◆ Task details:
Go through the records and transcribe them exactly, passing over any picture.

Stored data entries
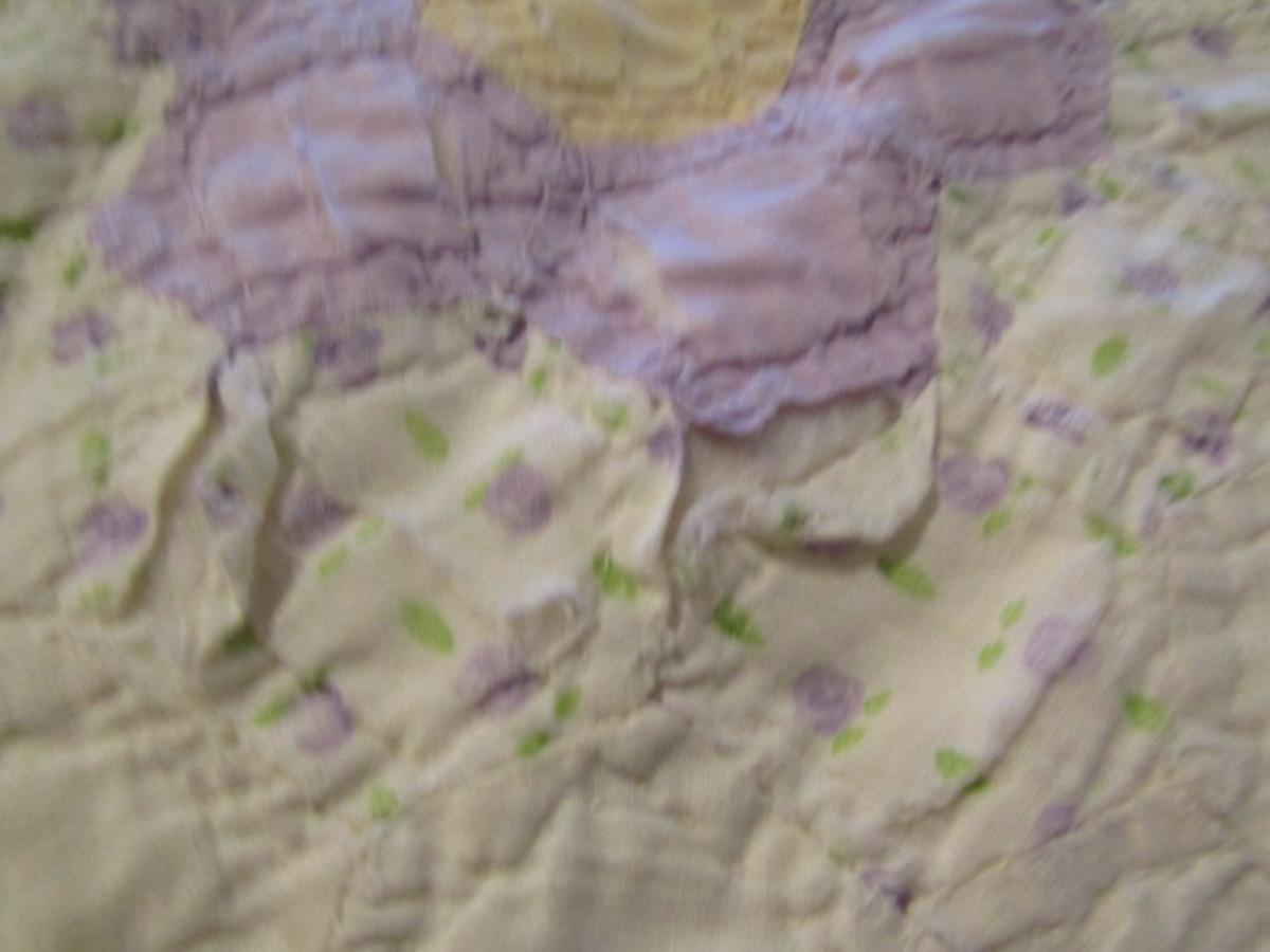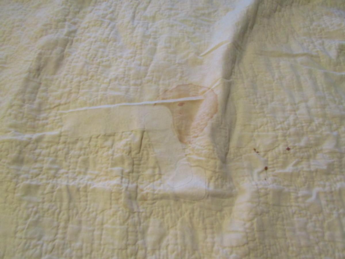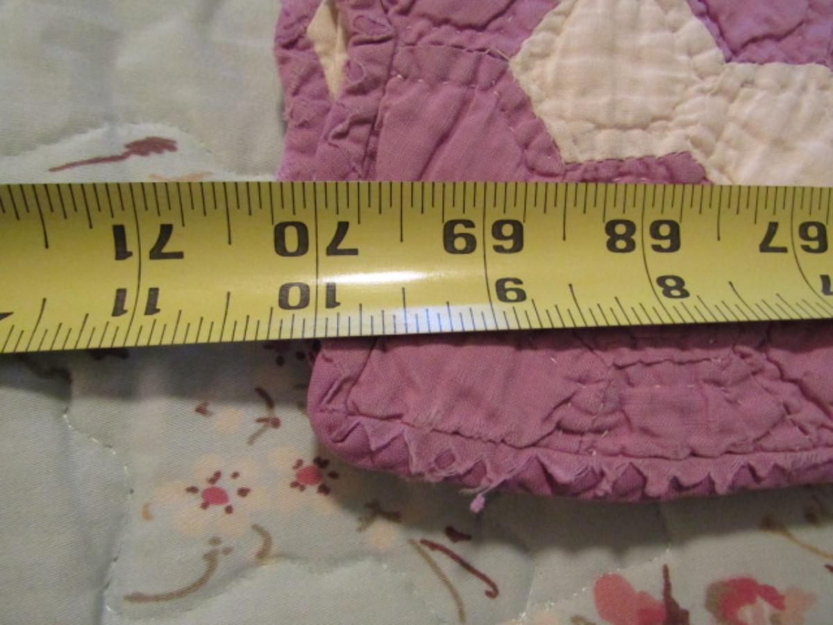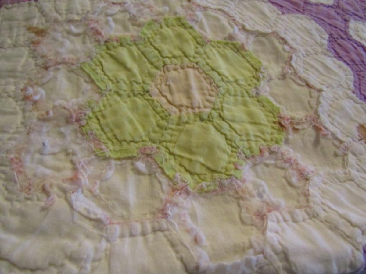 Handmade Quilt- Honeycomb Pattern. Some areas need repair and cleaning to remove staining. Please see pictures. Measures approx 87 3/4" x 70".
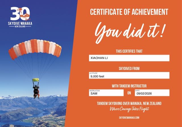 Skydive Wanaka是瓦纳卡的跳伞公司,目前提供两种高度的跳伞项目,分别从15000英尺或12000英尺的高空起跳,经过60秒或45秒的自由落体后开始4-5分钟的降落飞行,还可选择带有影像纪录的套餐。
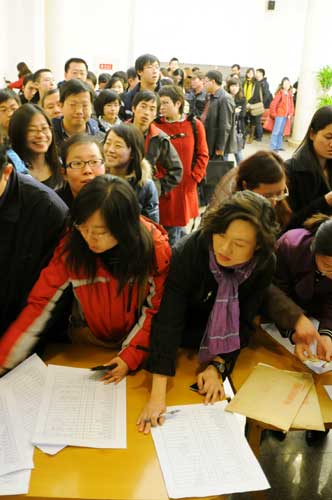 采訪2009年全國兩會的境內(nèi)外記者3月1日起陸續(xù)報到,在位于北京梅地亞中心的兩會新聞中心領(lǐng)取采訪證件。
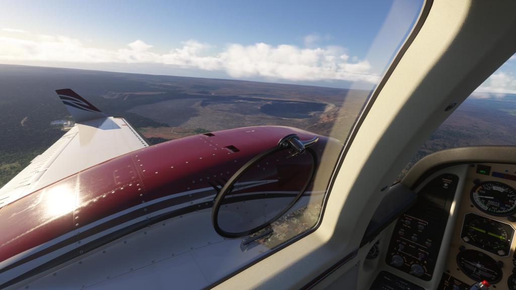 Departing Hilo airport, I pointed my nose southwards along the coast of Hawai’i because I wanted to do a little exploring along the way. And the exploration was worth it. My first destination was Kīlauea – a famous volcano. This is an active shield volcano and in MSFS you can see both the crater as well as a custom POI featuring the visitor centre on the edge of the volcano.
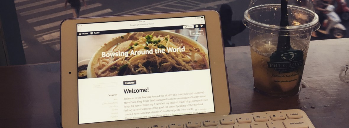 I love traveling. I love food. I love blogging. So why not combine all these interests into a travel/food blog? I already had an amateur personal blog using Blogger dating back to 2007. While I was traveling in China in 2010, I realized I had a lot of idle time during my bus rides between destinations, so I started travel blogging using my phone onto the same blog. It has become a habit since, although I have migrated to Tumblr and now WordPress. It originally started as a travel blog – Bowsing Around the World. In 2013 I’ve also expanded my blog to include food reviews of local restaurants in Ottawa (Canada), as I realized I wanted to continue blogging even when I am not traveling. And that’s the story of the birth of this blog – Bowsing Nom Noms. I’m excited for you to join me on my food adventures!
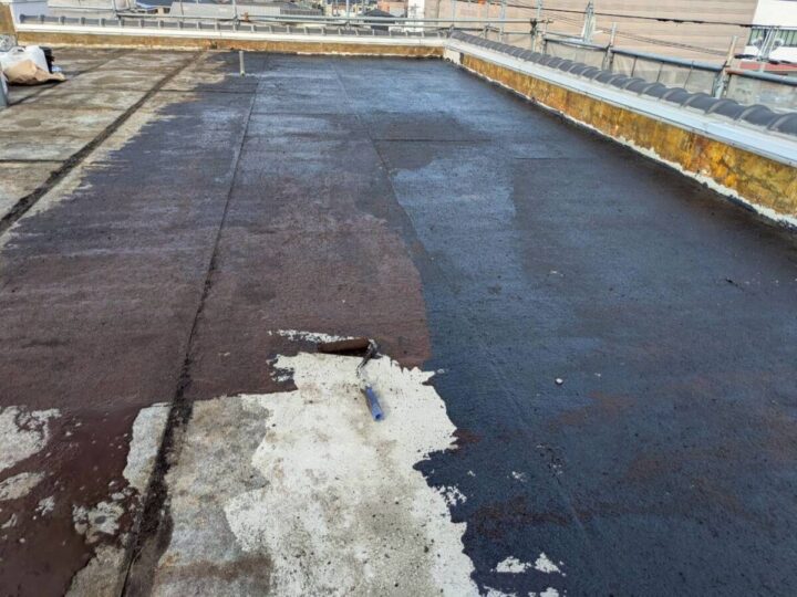 【プライマー塗布】既存防水層と新規防水層をがっちりと接着させる役割があります。
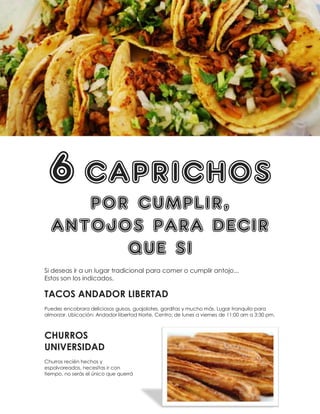 El documento presenta seis lugares recomendados para satisfacer antojos gastronómicos en Querétaro, incluyendo tacos, churros y pozole. Cada lugar ofrece horarios específicos y especialidades que destacan su tradición y calidad. Se sugiere visitar estos lugares para disfrutar de una experiencia culinaria local única.
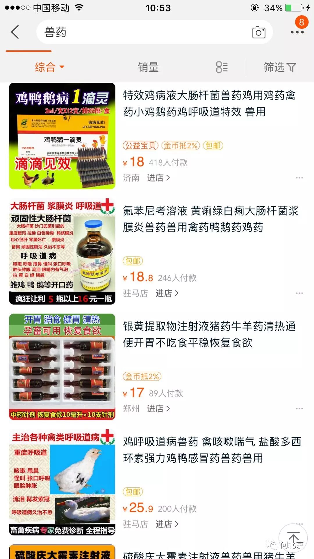 淘宝上大量店家在卖兽药

◆ Exercise solution:
 Handmade Quilt- Honeycomb Pattern. Some areas need repair and cleaning to remove staining. Please see pictures. Measures approx 87 3/4" x 70".
 Skydive Wanaka是瓦纳卡的跳伞公司,目前提供两种高度的跳伞项目,分别从15000英尺或12000英尺的高空起跳,经过60秒或45秒的自由落体后开始4-5分钟的降落飞行,还可选择带有影像纪录的套餐。
 采訪2009年全國兩會的境內(nèi)外記者3月1日起陸續(xù)報到,在位于北京梅地亞中心的兩會新聞中心領(lǐng)取采訪證件。
 Departing Hilo airport, I pointed my nose southwards along the coast of Hawai’i because I wanted to do a little exploring along the way. And the exploration was worth it. My first destination was Kīlauea – a famous volcano. This is an active shield volcano and in MSFS you can see both the crater as well as a custom POI featuring the visitor centre on the edge of the volcano.
 I love traveling. I love food. I love blogging. So why not combine all these interests into a travel/food blog? I already had an amateur personal blog using Blogger dating back to 2007. While I was traveling in China in 2010, I realized I had a lot of idle time during my bus rides between destinations, so I started travel blogging using my phone onto the same blog. It has become a habit since, although I have migrated to Tumblr and now WordPress. It originally started as a travel blog – Bowsing Around the World. In 2013 I’ve also expanded my blog to include food reviews of local restaurants in Ottawa (Canada), as I realized I wanted to continue blogging even when I am not traveling. And that’s the story of the birth of this blog – Bowsing Nom Noms. I’m excited for you to join me on my food adventures!
 【プライマー塗布】既存防水層と新規防水層をがっちりと接着させる役割があります。
 El documento presenta seis lugares recomendados para satisfacer antojos gastronómicos en Querétaro, incluyendo tacos, churros y pozole. Cada lugar ofrece horarios específicos y especialidades que destacan su tradición y calidad. Se sugiere visitar estos lugares para disfrutar de una experiencia culinaria local única.
 淘宝上大量店家在卖兽药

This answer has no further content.